### DATA EXCERPT
○ ○ ○ ○

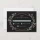 This trendy and elegant wedding response card features a faux rose gold geometric shape surrounded by beautiful greenery branches, on a dark, black background.
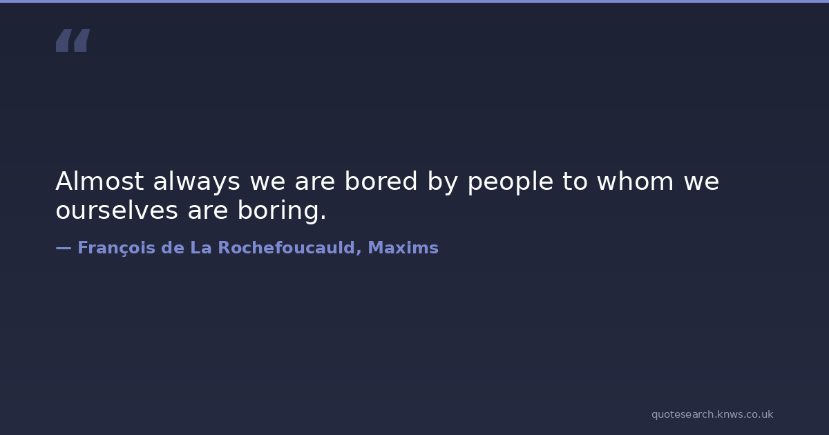 Almost always we are bored by people to whom we ourselves are boring. boredom people society Download Image Share on X Share on Facebook Copy Link
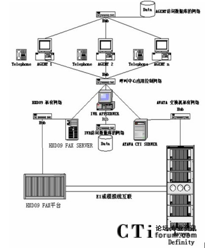 根據(jù)客服系統(tǒng)的容量,坐席多特點,一般都采用國外品牌交換機做為接入設備,用HXD09設備作FAX或IVR系統(tǒng)?头臉I(yè)務主要為語音和傳真。HXD09系統(tǒng)在傳真和語音處理處理上在國內(nèi)產(chǎn)品的技術和價格上都有巨大優(yōu)勢。

○ ○ ○ ○

### PROBLEM DESCRIPTION
Reproduce the data exactly as it appears above. Pictures are to be left out.

### EXERCISE RESULT
 This trendy and elegant wedding response card features a faux rose gold geometric shape surrounded by beautiful greenery branches, on a dark, black background.
 Almost always we are bored by people to whom we ourselves are boring. boredom people society Download Image Share on X Share on Facebook Copy Link
 根據(jù)客服系統(tǒng)的容量,坐席多特點,一般都采用國外品牌交換機做為接入設備,用HXD09設備作FAX或IVR系統(tǒng)?头臉I(yè)務主要為語音和傳真。HXD09系統(tǒng)在傳真和語音處理處理上在國內(nèi)產(chǎn)品的技術和價格上都有巨大優(yōu)勢。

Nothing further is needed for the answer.